Besides making sure that monitoring devices are generating reliable data, physicians must make sure that it is actually coming from a particular patient, said panelist Cheryl Pegus, MD, MPH, director of the division of general internal medicine and clinical innovation at NYU Langone Medical Center and clinical professor of medicine and population health at NYU School of Medicine in New York. "We need to be very cautious that the data provenance is accurate," she stressed.

Drs Teirstein, Wang, Pegus, and Topol (Kristy Walker/Medscape)

Dr Topol pointed out that the sheer volume of monitoring data could easily overwhelm EHRs and information technology departments. He suggested that perhaps patient-generated data should be stored in a patient-controlled record that could be shared with providers.

For monitoring data to be useful to patients, Dr Pegus said, they must understand how to interpret it and apply it to their own care. This is a tall order, considering that an estimated 90 million Americans have poor health literacy and that health information is so complex, she noted.

Dr Pegus suggested that the monitoring data might be sent to private companies that could use algorithms to analyze it and add context by having a two-way connection with EHRs. Then these firms could feed back clear, comprehensible information to patients, along with recommendations on how to apply it to their healthcare.

Dr Topol took up this thread, hypothesizing that someday there might be a "virtual medical assistant," analogous to the iPhone's Siri, that could perform this task.

An "avatar" such as the one Dr Topol envisioned could help patients with simple stuff, Dr Pegus said. "But when the analysis gets to a certain point in the algorithm, humans must be involved."

Later, a nonphysician member of the audience asked, "Why don't we just upload our data and do our own analyses with the help of algorithms?" The questioner suggested that perhaps the paternalism of physicians was to blame.

Dr Teirstein admitted that some doctors are paternalistic and said that needs to change. However, he stated, "There will still be a need for doctors to interpret the data and to guide patients when they have horrible diagnoses."

Dr Topol noted that there are already "citizen doctors" who do much of their own diagnoses, and Dr Pegus said, "I think that will happen and be accepted." But she estimated that only about 25% of patients would be interested and able to do this.

Doctor-Patient Relationship

The panelists also discussed how all of this might affect the doctor-patient relationship. Dr Pegus noted that many patients already have a fair amount of input through patient portals, which she sees as empowering them to ask questions they might not otherwise ask. "For a lot of patients, this has reinforced their relationship with their doctor," she said.

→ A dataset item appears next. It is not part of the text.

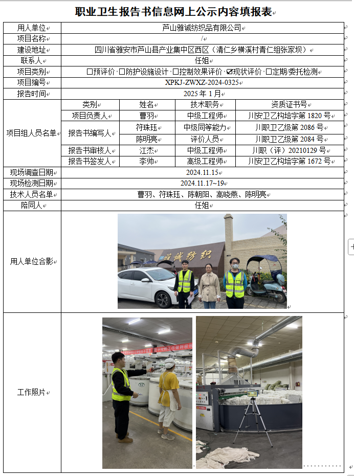芦山雅诚纺织品有限公司职业病危害因素现状评价

It also helps them better understand what their doctor told them during their last office visit.

Other trends, however, are driving a wedge between physicians and patients, the panelists said. Dr Topol noted that the average length of a primary care visit is under 10 minutes, and patients may have to wait a few weeks for an appointment. Not surprisingly, he said, self-care is "zooming" and many patients are going to alternative medicine practitioners. The rapid increase of video visits to on-demand doctors is another indication that consumers have more choices than they used to, added Dr Pegus. "The smorgasbord of how you receive your healthcare is growing."

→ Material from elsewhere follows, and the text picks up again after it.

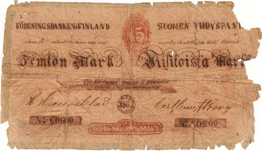 Почти сразу после утверждения собственной денежной единицы для Великого княжества Финляндского, даже несколькими годами ранее выпуска собственных монет, для организации чеканки которых требовались постройка и оснащение полноценного монетного двора, государственный банк Великого княжества приступил к выпуску бумажных денег достоинством в 1, 3, 5, 10, 12 (выпуск образца 1862 г., о нём мы ещё вспомним далее), 20, 40 (после выпуска с датировкой 1862 было принято решение о целесообразности печатания 50-марочников), 100, а также (с 1878 г.) 500 и (с 1909 г.) – 1000 марок.

One physician in the audience said he was dismayed that technology is taking precedence over the "empathy" that doctors show for their patients. Dr Teirstein disputed the idea that technology destroys empathy. "Data can help, but there are areas where doctors need to be involved, and patients want that," he said.

Dr Topol gave an example of how technology can draw patients and physicians together, rather than driving them apart. He said he was recently performing cardiac ultrasounds on patients with a portable ultrasound unit in his clinic. He invited the patients to look at the images and explained what they meant. Patients were more engaged, he noted, than they would have been if he had sent them to an outside lab or an imaging center.

Patient autonomy is a matter of a "copiloting" care with doctors, he concluded. "If you're sick, you need that empathy from the doctor." But technology need not get in the way.